2023-07-19

Infrastructure Week - Day 3: Are We Down?

Are We Down?

So far we’ve looked at a relatively sizable fleet of machines scattered across a number of different providers, technologies, and management styles. We’ve then looked at the myriad of services that were running on top of the fleet and the tools used to deploy and maintain those services. At its heart, Void is a large distributed system with many parts working in concert to provide the set of features that end users and maintainers engage with.

Like any machine, Void’s infrastructure has wear items, parts that require replacement, and components that break unexpectedly. When this happens we need to identify the problem, determine the cause, formulate a plan to return to service, and execute a set of workflows to either permanently resolve the issue, or temporarily bypass a problem to buy time while we work on a more permanent fix.

Lets go through the different systems and services that allow us to work out what’s gone wrong, or what’s still going right. We can broadly divide these systems into two kinds of monitoring solutions. In the first category we have logs. Logs are easy to understand conceptually because they exist all around us on every system. Metrics are a bit more abstract, and usually measure specific quantifiable qualities of a system or service. Void makes use of both Logs and Metrics to determine how the fleet is operating.

Metrics

Metrics quantify some part of a system. You can think of metrics as a wall of gauges and charts that measure how a system works, similarly to the dashboard of a car that provides information about the speed of the vehicle, the rotational speed of the engine, and the coolant temperature and fuel levels. In Void’s case, metrics refers to quantities like available disk space, number of requests per minute to a webserver, time spent processing a mirror sync and other similar items.

We collect these metrics to a central point on a dedicated machine using Prometheus, which is a widely adopted metrics monitoring system. Prometheus “scrapes” all our various sources of metrics by downloading data from them over HTTP, parsing it, and adding it to a time-series database. From this database we can then query for how a metric has changed over time in addition to whatever its current value is. This is on the surface not that interesting, but it turns out to be extremely useful since it allows checking how a value has changed over time. Humans turn out to be really good at pattern recognition, but machines are still better and we can have Prometheus predict trend lines, compute rates and compare them, and line up a bunch of different metrics onto the same graph so we can compare what different values were reading at the same time.

The metrics that Prometheus fetches come from programs that are collectively referred to as exporters.
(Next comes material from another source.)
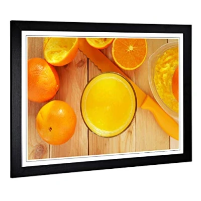 Big Box Art Framed Print of Orange Juice Design Wall Picture Home Decor for Kitchen, Living, Dining Room, Lounge, Bedroom, Hallway, Office, Black, A2 / 24.5x18 Inch 62x45cm
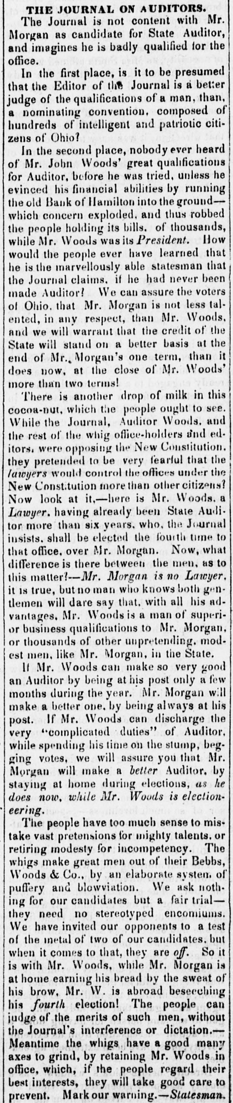 # THE JOURNAL ON AUDITORS. The Journal is not content with Mr. Morgan as candidate for State Auditor, and imagines he is badly qualified for the office. In the first place, is it to be presumed that the Editor of the Journal is a better judge of the qualifications of a man, than, a nominating convention, composed of hundreds of intelligent and patriotic citizens of Ohio? In the second place, nobody ever heard of Mr. John Woods' great qualifications for Auditor, before he was tried, unless he evinced his financial abilities by running the old Bank of Hamilton into the ground-which concern exploded, and thus robbed the people holding its bills of thousands, while Mr. Woods was its President. How would the people ever have learned that he is the marvellously able statesman that the Journal claims, if he had never been made Auditor? We can assure the voters of Ohio, that Mr. Morgan is not less talented, in any respect, than Mr. Woods, and we will warrant that the credit of the State will stand on a better basis at the end of Mr. Morgan's one term, than it does now, at the close of Mr. Woods' more than two terms! There is another drop of milk in this cocoa-nut, which the people ought to see. While the Journal, Auditor Woods, and the rest of the whig office-holders and editors, were opposing the New Constitution, they pretended to be very fearful that the lawyers would control the offices under the New Constitution more than other citizens? Now look at it,—here is Mr. Woods, a Lawyer, having already been State Auditor more than six years, who, the Journal insists, shall be elected the fourth time to that office, over Mr. Morgan. Now, what difference is there between the men, as to this matter?—Mr. Morgan is no Lawyer, it is true, but no man who knows both gentlemen will dare say that, with all his advantages, Mr. Woods is a man of superior business qualifications to Mr. Morgan, or thousands of other unpretending, modest men, like Mr. Morgan, in the State. If Mr. Woods can make so very good an Auditor by being at his post only a few months during the year, Mr. Morgan will make a better one, by being always at his post. If Mr. Woods can discharge the very "complicated duties" of Auditor, while spending his time on the stump, begging votes, we will assure you that Mr. Morgan will make a better Auditor, by staying at home during elections, as he does now, while Mr. Woods is electioneering. The people have too much sense to mistake vast pretensions for mighty talents, or retiring modesty for incompetency. The whigs make great men out of their Bebbs, Woods & Co., by an elaborate system of puffery and blowviation. We ask nothing for our candidates but a fair trial—they need no stereotyped encomiums. We have invited our opponents to a test of the metal of two of our candidates, but when it comes to that, they are off. So it is with Mr. Woods, while Mr. Morgan is at home earning his bread by the sweat of his brow, Mr. W. is abroad beseeching his fourth election! The people can judge of the merits of such men, without the Journal's interference or dictation.—Meantime the whigs have a good many axes to grind, by retaining Mr. Woods in office, which, if the people regard their best interests, they will take good care to prevent. Mark our warning.—Statesman.

These exporters export the status information of the system they integrate with. Lets look at the individual exporters that Void uses and some examples of the metrics they provide.

Node Exporter

Perhaps the most widely deployed exporter, the node_exporter provides information about nodes. In this case a node is a server somewhere, and the exporter provides a lot of general information about how the server is performing. Since it is a generic exporter, we get many many metrics out of it, not all of which apply to the Void fleet.
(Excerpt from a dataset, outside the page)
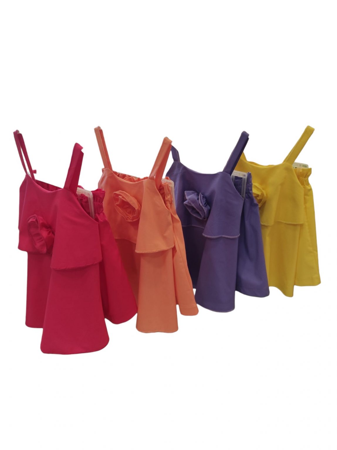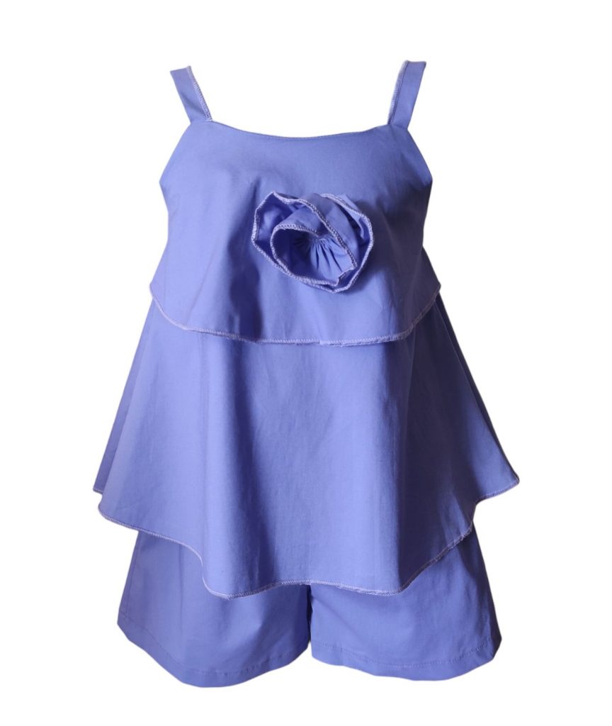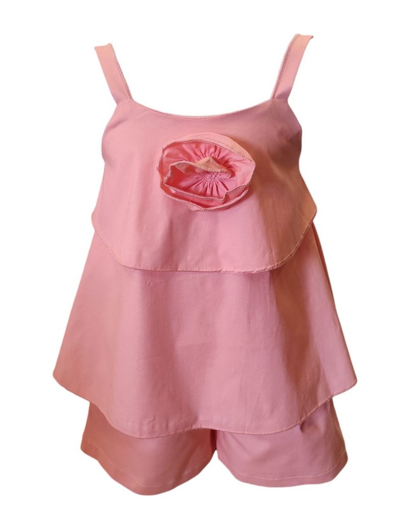 Σετ σε 4 χρώματα με αεράτο crop top με λουλούδι και σορτς. 100% βάμβακι.

Some of the metrics that are exported include the status of the disk, memory, cpu and network, as well as more specialized information such as the number of context switches and various kernel level values from /proc.

SSL Exporter

The SSL Exporter provides information about the various TLS certificates in use across the fleet. It does this by probing the remote services to retrieve the certificate and then extract values from it. Having these values allows us to alert on certificates that are expiring soon and have failed to renew, as well as to ensure that the target sites are reachable at all.

Compiler Cache Exporter

Void’s build farm makes use of ccache to speed up rebuilds when a build needs to be stopped and restarted. This is rarely useful because software has already had a test build by the time it makes it to our systems. However for large packages such as chromium, Firefox, and boost where a failure can occur due to an out of space condition or memory exhaustion. Having the compiler cache statistics allows us to determine if we’re efficiently using the cache.

Repository Exporter

The repository exporter is custom software that runs in two different configurations for Void. In the first configuration it checks our internal sync workflows and repository status. The metrics that are reported include the last time a given repository was updated, how long it took to copy from its origin builder to the shadow mirror, and whether or not the repository is currently staging changes or if the data is fully consistent. This status information allows maintainers to quickly and easily check whether a long running build has fully flushed through the system and the repositories are in steady state. It also provides a convenient way for us to catch problems with stuck rsync jobs where the rsync service may have become hung mid-copy.

In the second deployment the repo exporter looks not at Void’s repos, but all of the mirrors. The information gathered in this case is whether the remote repo is still synchronizing with the current repodata or not, and how far behind the origin the remote repo is. The exporter can also work out how long a given mirror takes to sync if the remote mirror has configured timer files in their sync workflow, which can help us to alert a mirror sponsor to an issue at their end.

Logs

Logs in Void’s infrastructure are conceptually not unlike the files on disk in /var/log on a Void system. We have two primary systems that store and retrieve logs within our fleet.

Build Logs

The build system produces copious amounts of log output that we need to retain effectively forever to be able to look back on if a problem occurs in a more recent version of a package and we want to know if the problem has always been present. Because of this, we use buildbot’s built in log storage to store a large volume of logs on disk with locality to the build servers. These build logs aren’t searchable, nor are they structured. Its just the output of the build workflow and xbps-src’s status messages written to disk.

Service Logs

Service logs are a bit more interesting, since these are logs that come from the broad collection of tasks that run on Nomad and may be themselves entirely ephemeral. The sync processes are a good example of this workflow where the process only exists as long as the copy runs, and then the task goes away, but we still need a way to determine if any faults occurred. To achieve this result, we stream the logs to Loki.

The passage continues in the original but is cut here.